Still, there are many reasons why raters might not want to be honest about a person’s true performance. They might assess people “strategically” in order to avoid a difficult discussion, to favor a person who they believe deserves a long-awaited promotion, or to get rid of an underperforming employee who needs a good evaluation to be transferred to another division. Such hidden motives can introduce noise into important decisions.
And this, I suspect, is the reason why some people may not like the book. They want to retain noise (the ability to rely on intuition and individual judgment), and therefore they will dislike Noise (which argues that relying on intuition is harmful and unfair). Any organization that inhibits the noise attributable to human judgment reduces people’s ability to influence ratings in pursuit of their own goals.
If you tell people they can no longer rely on their gut feelings and that they must follow a checklist or abide by an algorithm, they will respond with resistance because such policies inhibit their ability to pursue their own hidden agendas. Others may argue that guidelines designed to eliminate noise are rigid, dehumanizing, and unfair. Many people have had the experience of making a seemingly reasonable request to an organization only to receive the response that clear rules prevent the organization from making any exceptions. Many people who plead for exceptions really do believe they are exceptional. But for many decision-makers, they encounter people asking for such exceptional requests all the time. The rules, as the authors put it, “may seem stupid and even cruel, but they may have been adopted for good reason: to reduce noise (and perhaps bias as well).”

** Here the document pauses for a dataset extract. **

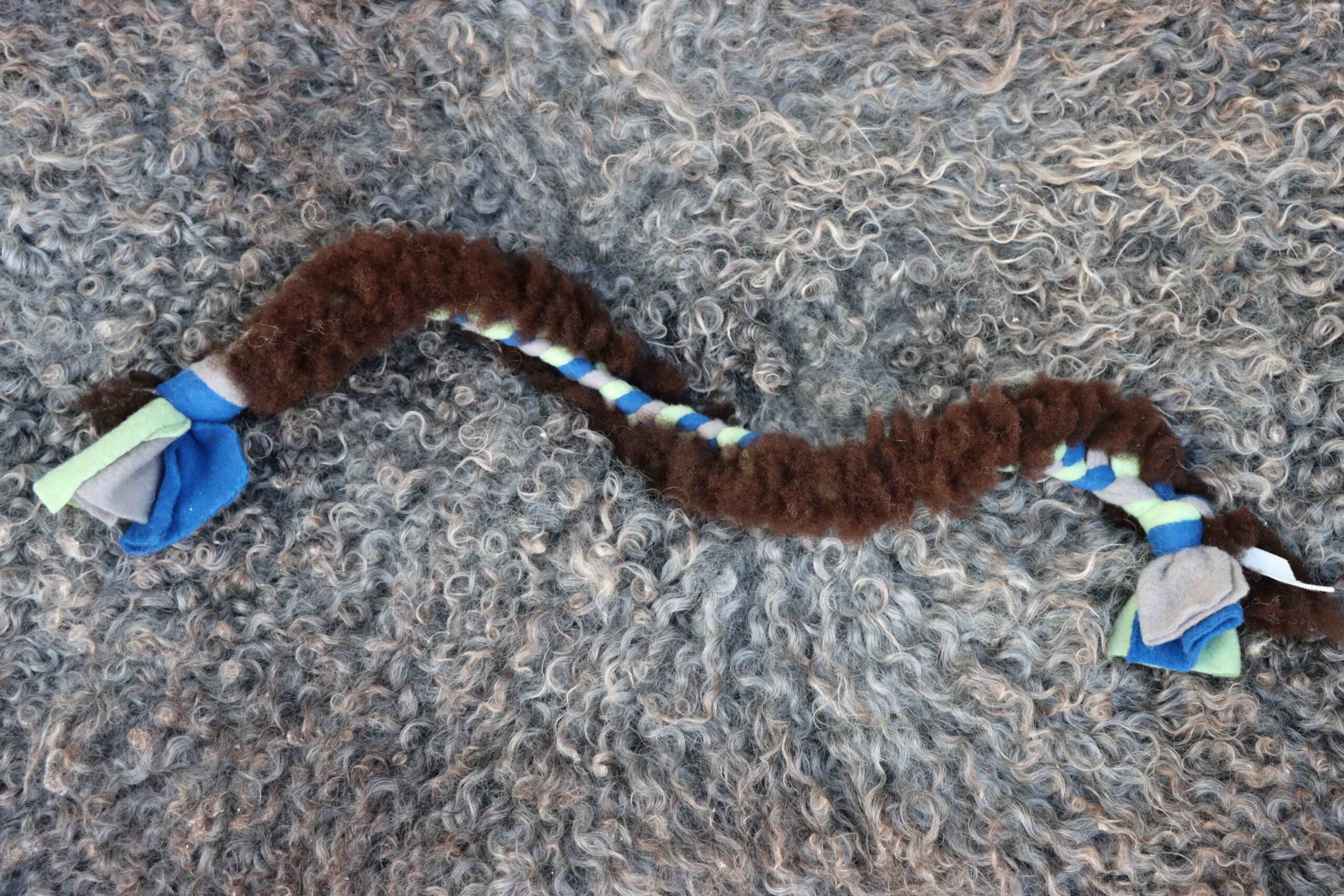 En rolig och funktionell handgjord hundleksak, skapad med omtanke och kärlek. Denna unika hundleksak är tillverkad av högkvalitativ fleece och naturlig ull, sammanflätade för att skapa en robust och mjuk leksak som din hund kommer att älska.
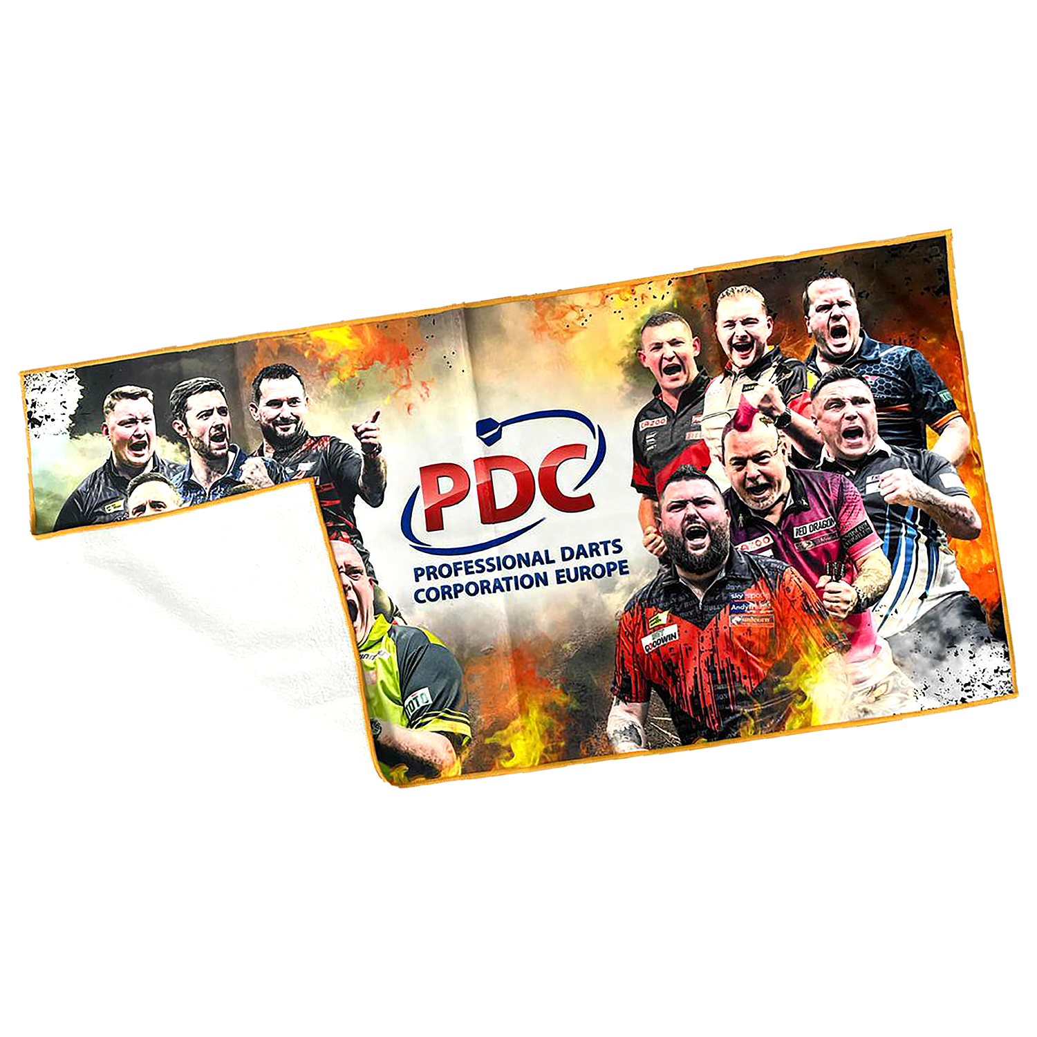 At the heart of the towel is the impressive PDC Europe logo, a symbol of exciting competitions. Surrounding the logo are portraits of the celebrated stars of PDC Europe, embodying the passion and intensity of darts.

When people believe an objective system favors them, they want to reduce bias and noise. And when people believe an objective system might disfavor them, they want to retain bias and noise. But Kahneman and his colleagues make a persuasive case that eliminating noise is crucial for a system to maintain legitimacy. Near the end of the book, they conclude that, “It is unfair for similarly situated people to be treated differently, and a system in which professional judgments are seen as inconsistent loses credibility.”
If they are right, then perhaps more people should carefully consider the policies they are supporting. Unfortunately, people who favor noise are often the noisiest.